The Hold Steady, as their name suggests, have always been consistent. Each record contains the same classic rock bravado, the same gritty tales of skaters and punks, druggies and barflies, “kids at shows” and their “scene leaders.” Jesus is found and lost, beverages consumed and vomited, girls hooked up with then abandoned. And yet, through all the recycled imagery, frontman Craig Finn keeps his storytelling gripping and sympathetic, caring deeply for the life-hungry characters he creates as they binge-and-purge their way through the city’s slimy little sins.

Teeth Dreams, a more straightforward affair than some of their records, is no deviation from the Hold Steady’s concentrated vision. Although Finn has stated that the album’s title was inspired by a David Foster Wallace passage, Jack Kerouac still serves as his main literary muse. Soaked in booze and blood, the songs lift themselves up from the barroom floor to reach toward the flickering light of salvation.

“I Hope This Whole Thing Doesn’t Frighten You” kicks the album into gear as a boyfriend introduces the new girlfriend he’s brought home for Christmas to a few unsavory connections he’s failed to mention. “Spinners” then rocks a little harder, chronicling a single woman’s misadventures and deluded mantras (“Salted rims and frosted mugs / It’s a big city, there’s a lot of love”).

The title’s teeth dreams appear on “The Only Thing,” where the song’s speaker obsesses over a woman “sleeping at a storage space by the airport.” Her accommodations are an improvement over “The Ambassador” of the follow-up track, however (“There wasn’t much diplomatic there / The space between the skin and all the blood”).

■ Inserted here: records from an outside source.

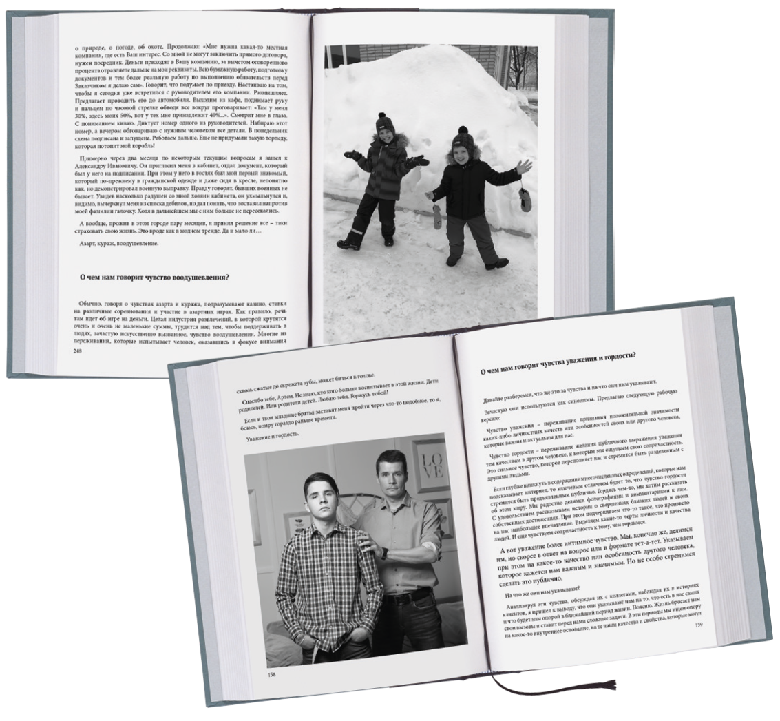 Да. То, что со мной происходило во время рождения книги, переживалось именно таким образом. Когда честно и открыто пишешь о чувствах ненависти, отчаяния, презрения, отвращения, страха и боли, наверное, иначе и быть не может.И что, вся книга в такой драматичной тональности? Отнюдь. Есть же чувства другого спектра: нежность, радость, любовь, благодарность, удовольствие, уважение. Некоторые главы появились в книге трепетно и мягкой поступью, с дружеским и теплым прикосновением, рождая переливы веселого детского смеха и ощущение домашнего уюта.Вы описываете очень разные ощущения. Так о чем же книга? О каждом из нас. Хоть книга и написана на примере моих личных историй, они будут знакомы абсолютно всем. Она о чувствах, которые знакомы любому, потому что они наполняют (а иногда и переполняют) каждый наш день. Еще она о том, в чем практическая значимость этих чувств.И в чем? Чувства подсказывают ответы.
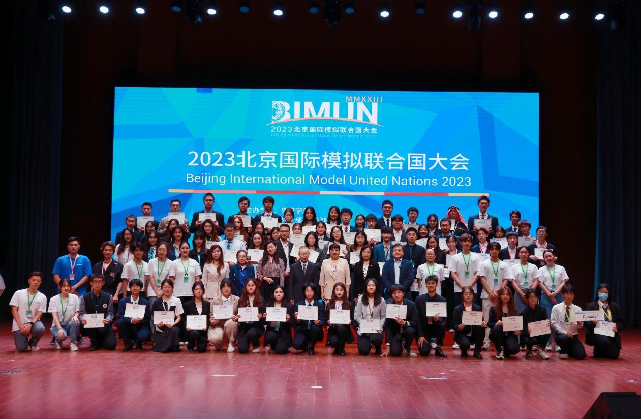 5月21日,由beat365官方网站主办,外交部、教育部、团中央、中国联合国协会指导,北京吴建民公益基金会协办的“青年携手·命运共同”2023北京国际模拟联合国大会于beat365官方网站沙河校区闭幕。beat365官方网站专职党委副书记安青,前驻黎巴嫩共和国大使、beat365官方网站外语系教授吴泽献,beat365官方网站国际关系研究所教授谭继军、团委书记王华迪,北京吴建民公益基金会秘书长助理亢恺,beat365官方网站外语系讲师刘诗扬、团委副书记徐婧琪等出席闭幕式。
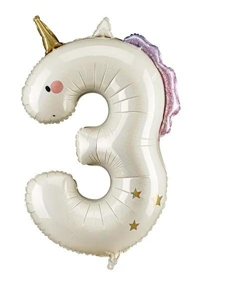Nazwa: Balon foliowy Cyfra 3 Jednorożec 93cm
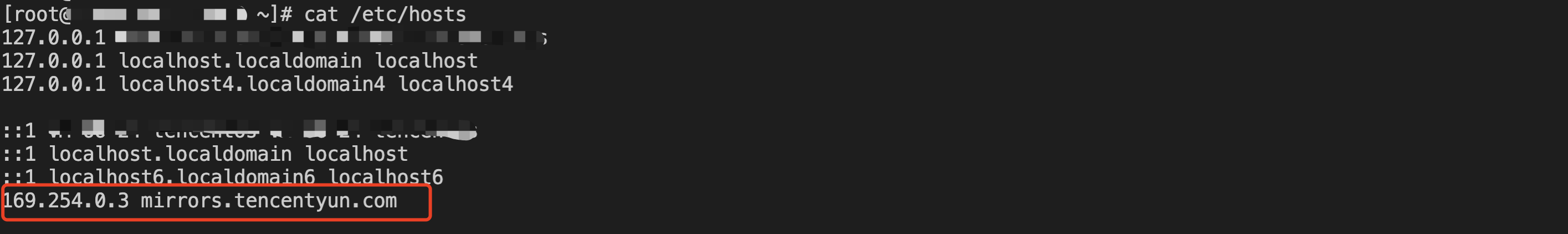 ドメインの名前解決に失敗する問題が発生した場合、/etc/hostsに169.254.0.3 mirrors.tencentyun.comを設定してソフトウェアリポジトリの名前解決を行うことができます。追加後の内容は以下の図の通りです。

D.F. Wallace gets referenced again during “On With the Business,” a song lamenting the “American Sadness” brought on by consumerism, in which the speaker admits he “said a couple things that probably weren’t technically true” during an apparent drug deal. “Big Cig” and “Wait a While” are both rousing odes to ill-chosen romantic entanglements, before things get more harrowing on “Runner’s High,” a track that apex’s amidst a near-death experience.

“Almost Everything,” a reverb-drenched acoustic dime leads into “Oaks,” the Hold Steady’s most expansive song to date. At nine minutes in length, the album finale stretches beyond the city limits toward “mountains all covered in oaks… trees as they turn into smoke.”

“Our minds are the windows / Our bodies are screens,” concludes Finn, “We scratch / We scrape / And we dream.” If the Hold Steady continue to release such solid work, may they scratch and scrape and dream for many records to come.